Prudence and Grace are home-educated, by a fierce disciplinarian Dad. They are dressed by their wittering Mum, in clothes she runs up on a sewing machine using market remnants. Mum only knows one pattern, “demure little-girly dresses with short sleeves and swirly skirts”.
One of the vivid moments in this book comes when Wilson describes Prudence trying to wriggle out of one of her mum’s too-fitted creations in the midst of a girls’ changing room, having to pull the dress up and over her head to get it off, leaving her inappropriate underwear exposed to all eyes.
Wilson does the minutiae of embarrassment so well you relive the incident with Prudence. It’s the bigger picture that is her weakness. You can’t quite believe the story because the overall scheme rings false.
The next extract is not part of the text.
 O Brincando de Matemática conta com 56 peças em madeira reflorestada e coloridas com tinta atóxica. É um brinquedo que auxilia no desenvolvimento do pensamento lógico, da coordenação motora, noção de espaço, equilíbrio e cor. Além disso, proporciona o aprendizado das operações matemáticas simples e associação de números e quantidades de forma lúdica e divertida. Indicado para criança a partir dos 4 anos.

Wilson has a template against which her fiction is drawn: awful adults, suffering out-of-kilter children. Every story is accommodated to this basic dress-making pattern. So, here, the two girls suffer in silence at home, until a heart-attack intervenes, which means they are sent to school and on to new sufferings. At school, Prudence becomes entangled with the young, hip art teacher, Rax.
Rax, worn-down at home by a wife struggling with two small children, is only too happy to be empathetic and endlessly patient with the kids getting the rough end of the stick at school.
The problem with the story is that to fit the template, all the other teachers have to be particularly stupid and unkind. To me, this didn’t sound like today’s teachers, but like the gorgons of an earlier age. Also, so much of the father-daughter stuff sounds wrong: why would such an unpleasant, child-hating man opt to spend the extra time with children that home-educating involves? How is it Prudence doesn’t have access to TV or computer, or even magazines other than the odd smuggled one, but she can summon up images like a vision of Rax against “an urban warehouse flat, large and airy and white, with huge canvases on the wall”?
But, with all that, this is of course, the usual, romping Wilson read, with a nice fairy tale ending, not too sugar-coated.